(Stored entries)
###

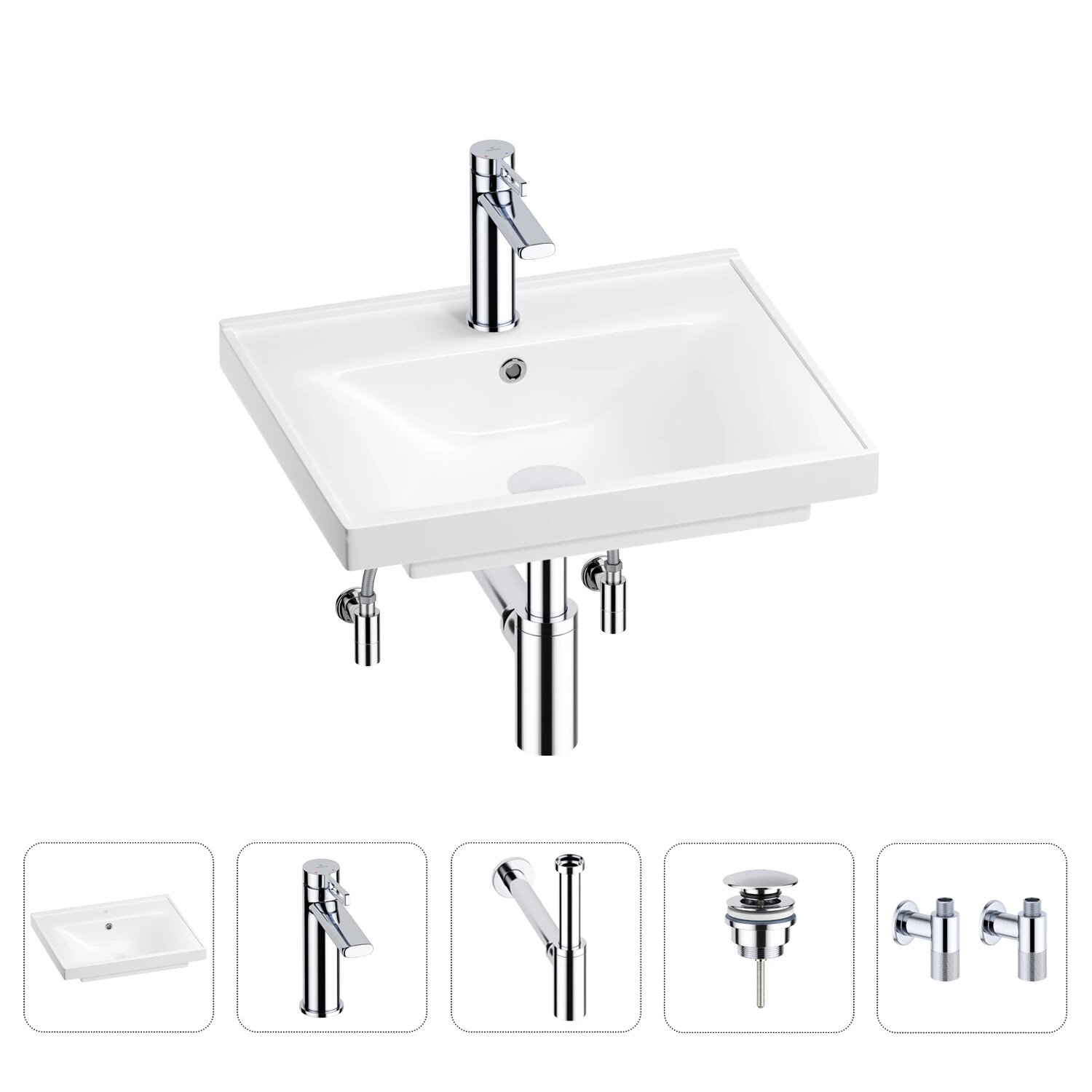 | Дополнительная информация | раковина белого глянцевого цвета, смеситель, сифон, донный клапан, угловые вентили (цвет набора хром) |
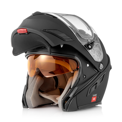 Шлем снегоходный ZOX Brigade, стекло с электроподогревом, мат.Материал оболочки:термопластик ABSПодкладка шлема:съемнаяЗастежка шлема:бугельная застежкаВес шлема (гр.):1 600Покрытие:мат.Солцезащитная шторка:ДаСтекло:стекло с электроподогревомZOX Brigade - это комфортный снегоходный шлем модуляр со стеклом с электроподогревом,интегрированным солнцезащитным визором, улучшенной видимостью и съемной моющейся подкладкойЭлектроподогрев визора предотвращает запотевание и обледенение, что улучшает обзор и увеличивает длительность поездки,а откидная фронтальная часть создает дополнительный комфорт при эксплуатации.• Первоклассная посадка шлема достигается за счет двух легких корпусов оболочки и трех внутренних частей из EPS (пенополистирола), что позволяет использовать широкий диапазон размеров• Большой визор с широким обзором и электроподогревом, эффективно предотвращаюим запотевание• Откидная часть спроектирована с дополнительным пространством для повышения комфорта и уменьшения запотевания• Секция челюсти легко поднимается одной рукой, даже в перчатках, благодаря высокочеткому функциональному переключателю• Вентиляция контролируется с помощью ультрасовременных клапанов с резиновым покрытием для легкого открытия/закрытия вентиляционных отверстий.Помогает уменьшить запотевание и повысить комфорт• Система SVS (Solar Visor System) имеет внутренний солнцезащитный визор оранжевого цвета, усиливает контрастность и четкость с превосходным противотуманным покрытием.Который легко опускать и поднимать с помощью нового высокотехнологичного рычажка с резиновым покрытием, для удобства использования в перчатках.Даже в пасмурную заснеженную погоду, вы будете четко различать перед собой ямы, кочки и другие особенности ландшафта.Защищает глаза от яркого зимнего белого света, отражанного от снега• Дополнительно установлена неопреновая "зимняя" шторка, защелкивающаяся на подбородке, и широкий отсекатель дыхания, плотно прилегает к лицу и убирает лишний теплый воздух от визора.Уменьшают ветер и шум• Высококачественная удобная съемная и моющаяся подкладка. Используемые материалы обеспечивают максимальный комфорт и долгий срок службы• Во внутренней части шлема предусмотрены места для установки наушников гарнитуры Bluetooth• Ремешок с быстросъемный бугельной застежкой, легко застегнуть или расстегнуть даже в перчатках• Соответствуют требованиям DOT FMVSS-218 и ECE 22-05 или превосходят их• Вес (+-) 1600грРекомендуем для катание на снегоходе и квадроцикле.Сезон осень, зима, весна.В комплекте:Шнур для электростеклаНеопреновая подбородочная шторкаОтсекатель дыхания
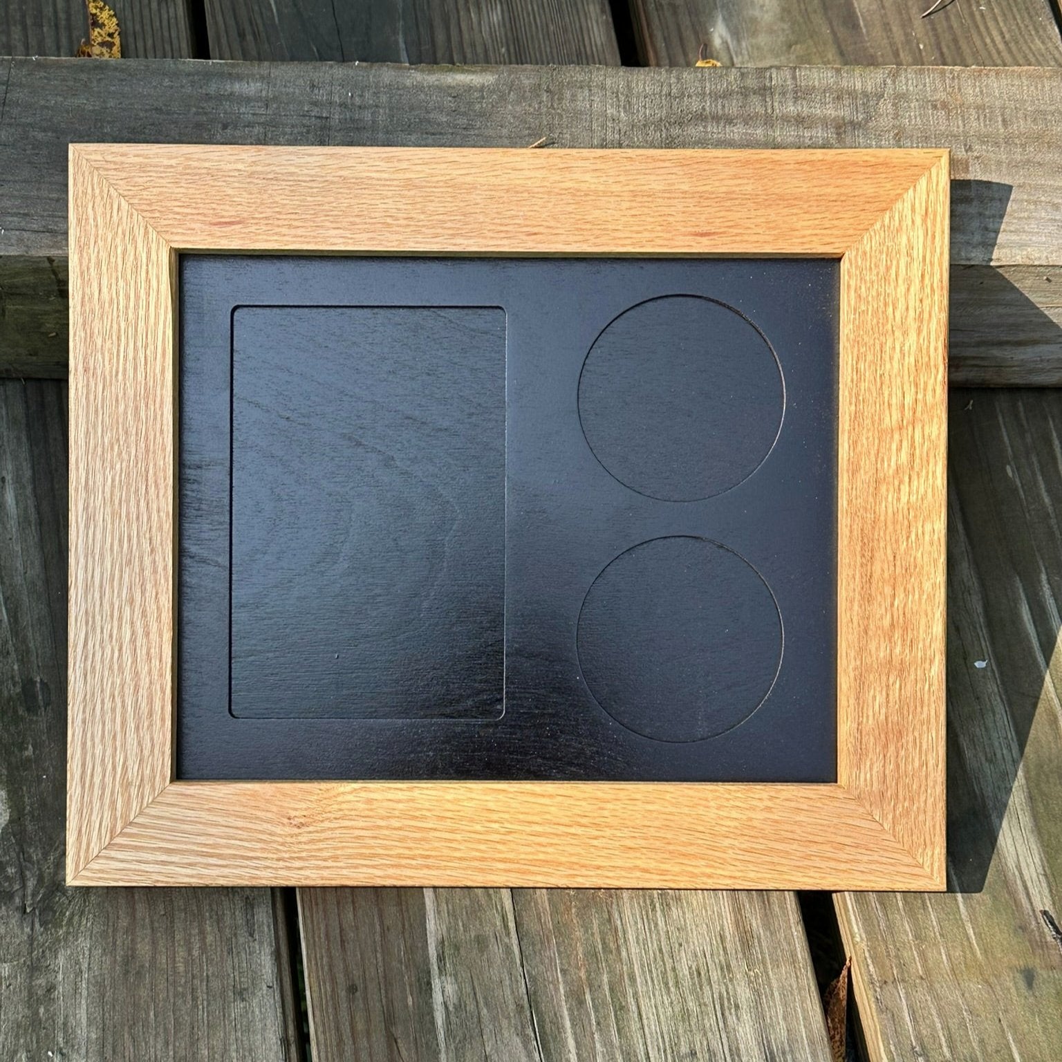 8x10 version featuring a cut out for a 5x7 photograph and up to 2 3" Medals. The frame will come setup to be displayed Landscape, if you need Portrait orientation please contact me.
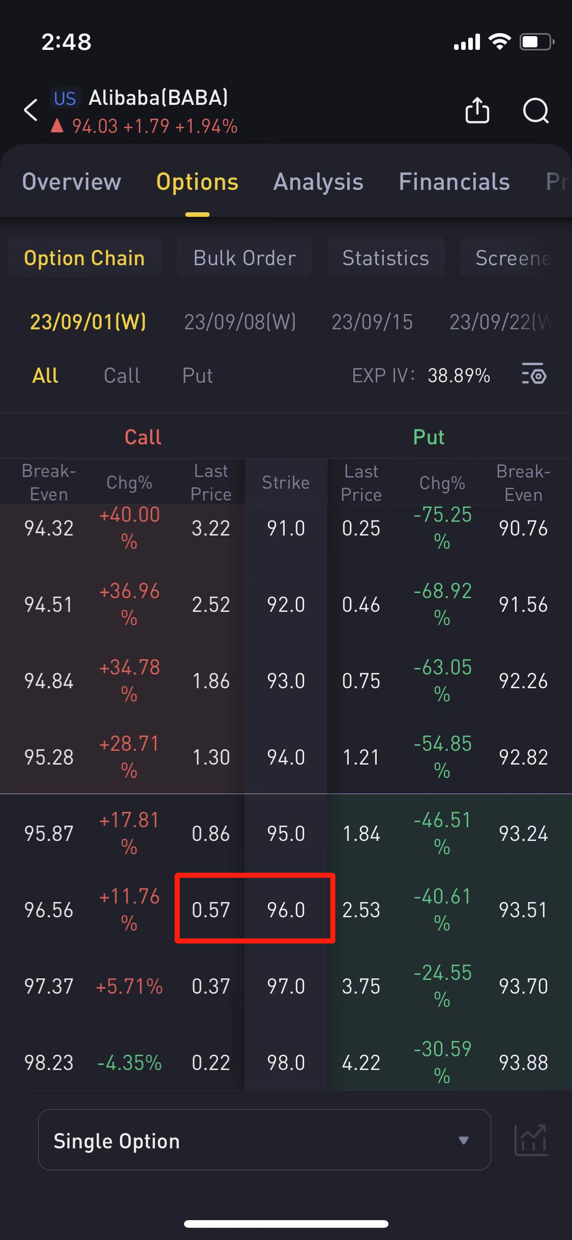 Let's consider an example: Currently, Alibaba's stock price is around $94. Suppose you hold this stock and anticipate a slight increase in its price to around $96 in the future. If you were to employ the Covered Call Option Strategy, you would first hold Alibaba's stock at a cost of $94. Subsequently, you would sell a call option with a strike price of $96 or even higher.
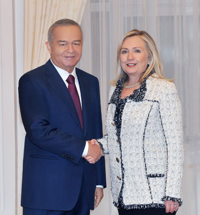 Note: The top photo depicts Secretary of State Clinton in one of her meetings with Uzbek dictator Islam Karimov. She was last in Uzbekistan in December, 2011. Just as the Arab Spring was beginning in the Middle East, an Uzbek Spring was quietly being suppressed with Obama Administration support. The photo below shows Secretary Clinton greeting brutal Libyan secret police chief Mutassim Qaddafi at the State Department on April 21, 2009.
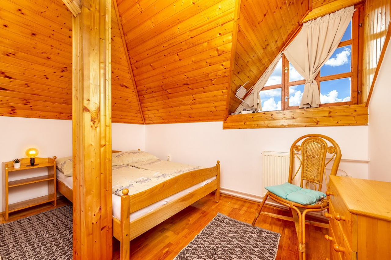 Emelet: Előtér, zuhanyzó/WC, három kétágyas szoba.
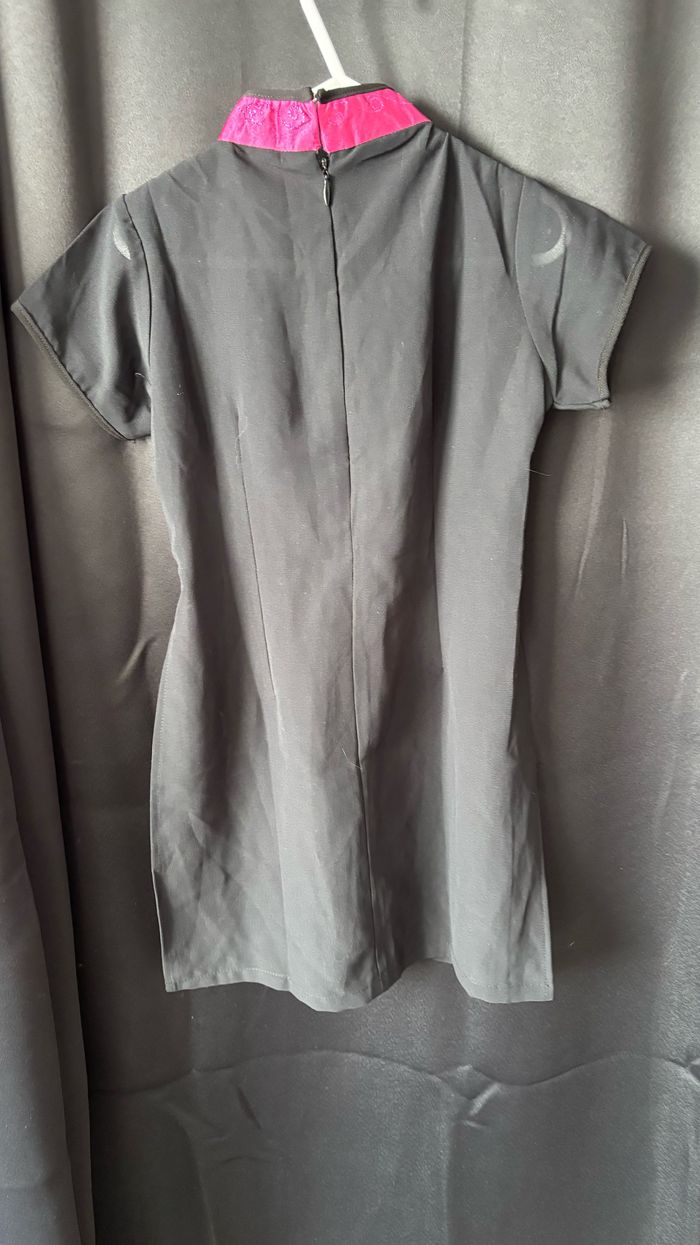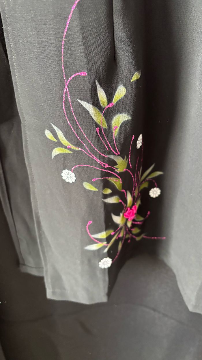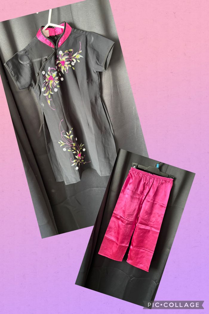 Haut noir avec broderie et voilage et pantalon rose avec taille élastique

###

Omit the pictures and reproduce the records above exactly.

- _TASK RESPONSE_:
 | Дополнительная информация | раковина белого глянцевого цвета, смеситель, сифон, донный клапан, угловые вентили (цвет набора хром) |
 Шлем снегоходный ZOX Brigade, стекло с электроподогревом, мат.Материал оболочки:термопластик ABSПодкладка шлема:съемнаяЗастежка шлема:бугельная застежкаВес шлема (гр.):1 600Покрытие:мат.Солцезащитная шторка:ДаСтекло:стекло с электроподогревомZOX Brigade - это комфортный снегоходный шлем модуляр со стеклом с электроподогревом,интегрированным солнцезащитным визором, улучшенной видимостью и съемной моющейся подкладкойЭлектроподогрев визора предотвращает запотевание и обледенение, что улучшает обзор и увеличивает длительность поездки,а откидная фронтальная часть создает дополнительный комфорт при эксплуатации.• Первоклассная посадка шлема достигается за счет двух легких корпусов оболочки и трех внутренних частей из EPS (пенополистирола), что позволяет использовать широкий диапазон размеров• Большой визор с широким обзором и электроподогревом, эффективно предотвращаюим запотевание• Откидная часть спроектирована с дополнительным пространством для повышения комфорта и уменьшения запотевания• Секция челюсти легко поднимается одной рукой, даже в перчатках, благодаря высокочеткому функциональному переключателю• Вентиляция контролируется с помощью ультрасовременных клапанов с резиновым покрытием для легкого открытия/закрытия вентиляционных отверстий.Помогает уменьшить запотевание и повысить комфорт• Система SVS (Solar Visor System) имеет внутренний солнцезащитный визор оранжевого цвета, усиливает контрастность и четкость с превосходным противотуманным покрытием.Который легко опускать и поднимать с помощью нового высокотехнологичного рычажка с резиновым покрытием, для удобства использования в перчатках.Даже в пасмурную заснеженную погоду, вы будете четко различать перед собой ямы, кочки и другие особенности ландшафта.Защищает глаза от яркого зимнего белого света, отражанного от снега• Дополнительно установлена неопреновая "зимняя" шторка, защелкивающаяся на подбородке, и широкий отсекатель дыхания, плотно прилегает к лицу и убирает лишний теплый воздух от визора.Уменьшают ветер и шум• Высококачественная удобная съемная и моющаяся подкладка. Используемые материалы обеспечивают максимальный комфорт и долгий срок службы• Во внутренней части шлема предусмотрены места для установки наушников гарнитуры Bluetooth• Ремешок с быстросъемный бугельной застежкой, легко застегнуть или расстегнуть даже в перчатках• Соответствуют требованиям DOT FMVSS-218 и ECE 22-05 или превосходят их• Вес (+-) 1600грРекомендуем для катание на снегоходе и квадроцикле.Сезон осень, зима, весна.В комплекте:Шнур для электростеклаНеопреновая подбородочная шторкаОтсекатель дыхания
 8x10 version featuring a cut out for a 5x7 photograph and up to 2 3" Medals. The frame will come setup to be displayed Landscape, if you need Portrait orientation please contact me.
 Let's consider an example: Currently, Alibaba's stock price is around $94. Suppose you hold this stock and anticipate a slight increase in its price to around $96 in the future. If you were to employ the Covered Call Option Strategy, you would first hold Alibaba's stock at a cost of $94. Subsequently, you would sell a call option with a strike price of $96 or even higher.
 Note: The top photo depicts Secretary of State Clinton in one of her meetings with Uzbek dictator Islam Karimov. She was last in Uzbekistan in December, 2011. Just as the Arab Spring was beginning in the Middle East, an Uzbek Spring was quietly being suppressed with Obama Administration support. The photo below shows Secretary Clinton greeting brutal Libyan secret police chief Mutassim Qaddafi at the State Department on April 21, 2009.
 Emelet: Előtér, zuhanyzó/WC, három kétágyas szoba.
 Haut noir avec broderie et voilage et pantalon rose avec taille élastique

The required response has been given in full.